Today it rained all morning and into the afternoon. I woke up, put on some music, and just chilled out while I ate a late breakfast and enjoyed the sounds of the music and the rain coming down outside. There is something so calming about rain for me. It just rocks this heart of mine with each patter of rain the the ground and soothes it into submission. I am so glad God made it rain today because this emo child needed some calmness and peace in the midst of worrying about everything imaginable. Thank you Wilson family for passing down a long line of worriers and giving that "gift" to me. :) It gives a good opportunity to learn trust though I guess.
I think I worry too much about what is coming next and what will happen next and how am I going to be in control of the next thing. It is overwhelming and not healthy at all. My contract on the ship will be over before I know it and I keep thinking that I have to have the next step planned already. It would be nice, but its not the most realistic. Things are always changing and moving and developing. If I plan my life out so much I will not be able to change as easy when it comes. I won't be able to enjoy the growing experiences that I have because I will be so wrapped up in how am I going to get back to what I planned. It's silly. I am not in control. Never have been, never will be.

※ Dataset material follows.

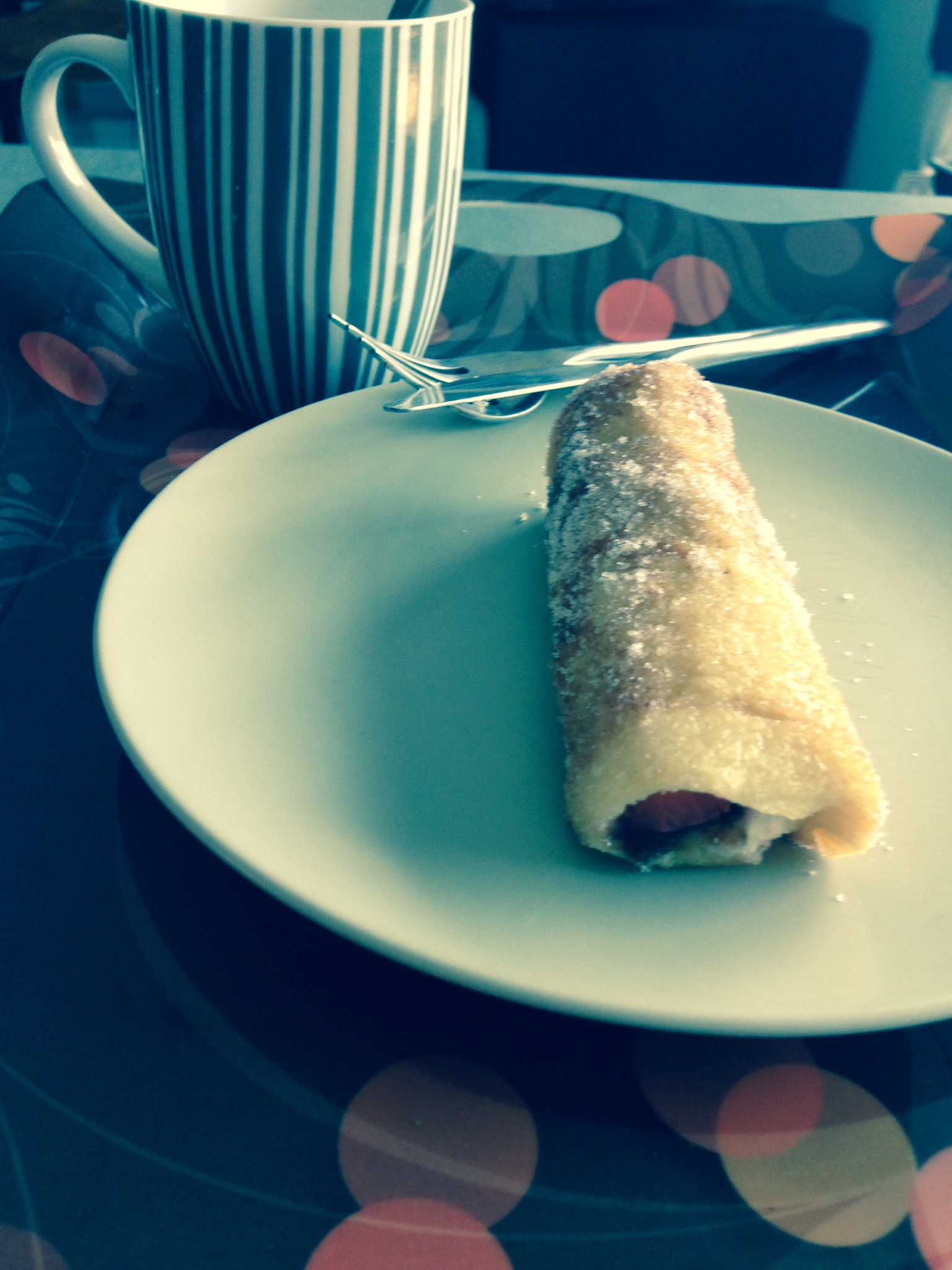 Voici donc une toute nouvelle recette que j’ai essayé aujourd’hui avec du Nutella et des fraises fraises : le pain perdu roulé ou les French Toast Roll Ups.

So, all that to say, when you think of me friend and family say a little prayer for me. Pray for Peace and assurance that God has the ultimate plan for my life and that he will lead me where he wants me to go. If i start to really rest in that more maybe I will actually truly rest!
p.s. A shout out to those people that have to deal with me on a daily basis right now. Your patience and love are what help make me a little more grounded right now and I THANK YOU! I LOVE YOU I LOVE YOU I LOVE YOU!
Rain calms me as well. Too bad we never get it in NM. I love the "emo child" comment... Oh how I wish you'd dress that way!